LONDON -- The FTSE 100 (FTSEINDICES:^FTSE) has started 2013 in fine form, with last week witnessing no fewer than three consecutive 52-week highs from the blue-chip index. Indeed, the peak of 6,090 achieved on Friday was the FTSE's highest level since February 2011.
Yesterday, however, the index dropped 26 points following a bout of profit-taking. Today, the market climbed slipped a further 11 points as the day's corporate news failed to spark much attention.
Of course, not every blue-chip name has been pulled higher by the FTSE blasting through 6,000. Here are three large caps whose share prices have languished of late and are currently flirting with their respective 52-week lows.
The shares of BG demonstrate how it can often pay to be patient when trying to catch a "falling knife." The gas major stunned investors during October when it admitted that production growth would be just 3% during 2012 and flat during 2013 -- well below the 6% to 8% projections the firm had previously forecast.
BG shares, which peaked at 1,554 pence last year, lost 20% on the day of the warning and currently trade around 1,032 pence. The recent low is 991 pence.
Annualizing BG's nine-month results suggests earnings could be running at something like 87 pence per share, which would place the shares on a multiple of almost 12. Later this year, BG will reduce its $11 billion net debt position as it sells various assets for $7.6 billion.
William Morrison Supermarkets (LSE:MRW)
It wasn't only Tesco that hurt investors backing the supermarket sector last year. The shares of William Morrison Supermarkets had reached 320 pence toward the end of 2011, yet they've entered 2013 at 255 pence -- the lowest price since mid-2009.
Morrisons' performance deteriorated last year. After the retailer reported 2011 profit up 8%, its subsequent half-year results showed profit up only 1% and like-for-like sales turning negative. A third-quarter statement in November then owned up to like-for-like sales down 2%, and yesterday's Christmas update revealed like-for-likes deteriorating further to -2.5%.
Still, Morrisons has promised to lift its dividend by 10% for the current year, thereby suggesting that buyers today can collect an 11.8 pence-per-share payout and 4.6% income.
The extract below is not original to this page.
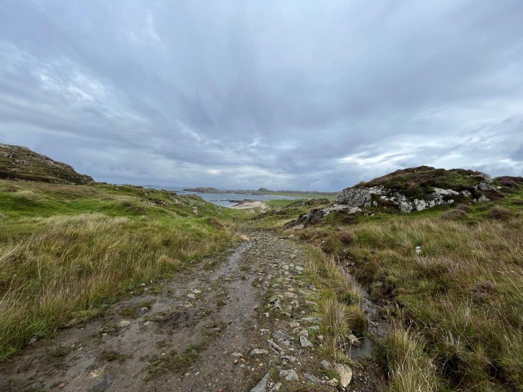 Just as I thought that I had given up on the Druid stones, I discovered there was an area on the island that I could visit and, with directions in hand, I set off towards St. Columba beach. Doggedly determined to find the way, I decided to follow another path. It got quite wet and I took off my hiking shoes as it was difficult to walk with them already sopping wet. The bliss of walking without shoes!
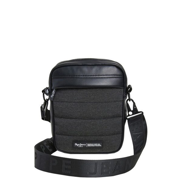 - Τσάντα crossbody, από συνδυασμό υλικών και δέρματος, με ένα κύριο διαμέρισμα και μια εσωτερική τσέπη που κλείνουν με φερμουάρ. Μια τσέπη μπροστά με φερμουάρ, μια τσέπη στο πίσω μέρος & ρυθμιζόμενος και αποσπώμενος ιμάντας ώμου με jacquard logo. Rubber ετικέτα logo Pepe Jeans μπροστά και ετικέτα logo στο πίσω μέρος.

Last year seemed promising for GlaxoSmithKline investors, with the shares of the pharma giant reaching 15 pounds for the first time since early 2007.
However, the price has since fallen as low as 1,314 pence and currently sits at 1,377 pence. Perhaps investors were not pleased with Glaxo's Q3 results, which were issued in October and showed sales down 8% and underlying earnings down 13%.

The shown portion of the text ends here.